The range of the action spectrum

It has been possible to obtain some information on the effective wave-lengths though not to plot quantitativelythe response to different wave-lengths with equal energy doses or the doses required for equal response. The reasons for the difficulty of such quantitative determination will be clear in the sections below on fluctuation of background frequency and of response frequency under given conditions. With a rock salt infra-red monochromator and Nernst glower as source, strong response was obtained in the range 1.5-4.0 µm peak wave-length, while no response occurred at 1.0, doubtful responses at 5-7, and none at 10.0 µm. The source emits strongly at 2.0 µm and falls off steeply on either side so that the stimulus available at 10 µm was weak, but the absence of response at 10 µm is probably significant as the lower limit.

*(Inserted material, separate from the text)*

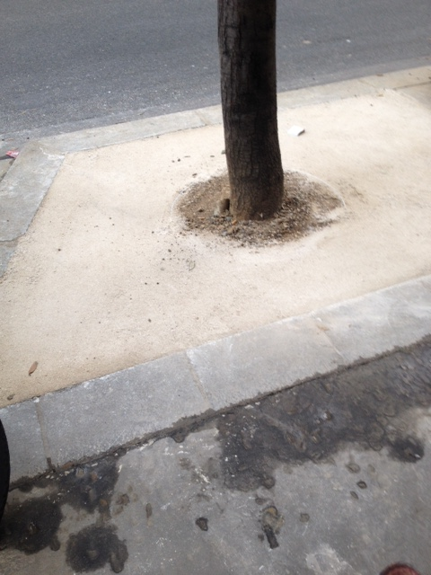 Saccages et vols ont eu raison des essais de plantations autour de certains arbres de la rue Beaubourg, leur pourtour est aujourd'hui en partie cimenté (Photo VlM)

By the use of heat filters which pass almost all the visible light (slightly greenish to the eye) and cut off more efficiently above 1.5µm, especially the Schott-Jena BG21, quite strong beams of light are rendered completely ineffective, for example, a direct, focused beam from a B and L spherical microscope lamp at full iris with a 100 W bulb. A zirconium arc of 100 W with a glass condensing lens or stronger incandescent sources will still deliver some stimulus through such filters, indicating that although visible wave-lengths are probably quite ineffective the near infrared (0.7-1.0 µm) is weakly effective. Inserting the Schott-Jena RG 7 (opaque to visible rays, but passing nearly all infrared) does not reduce the effectiveness of such beams noticeably, but a slight response when the filter is removed indicates that some visible or near infra.red is stimulating.

Naked sources such as the Nernst glower or a match (with peaks at about 2-2.3 µm) are rendered completely ineffective by a filter of a few mm of glass, or of water in glass, which cut off energy longer than 1.5-2.6 µm so that these longer wave-lengths must be part of the action spectrum. Glass-enclosed sources such as incandescent lamps fitted with condensing lenses have already suffered virtually complete removal of energy longer than 2.6 µm, but are still useful stimulators when sufficiently intense owing to radiation from the glass.

By the use of filters, wave-lengths longer than 3 or 4 µm are almost impossible to deliver without contamination of energy at 2 to 3µm. Our monochromator has too little energy in the long infra-red region for us to expect stimulation. But the efficacy of such sources as the hand, small mammals and black bodies at 1° C above a neutral temperature is good evidence that wave-lengths at least as long as 15 µm must be effective, for these low temperature emitters have their peak in this region. It will be shown below that the calculated threshold flux from a rat is the same as or lower than that from a Nernst glower, whose peak of emission is at 2µm.

It is reasonable to conclude that the action spectrum does not extend below 1.5 µm, at least not with a sensitivity above a small fraction of that at 2 µm, and that it extends at least out to 15 µm, where sensitivity is as great as at 2 µm.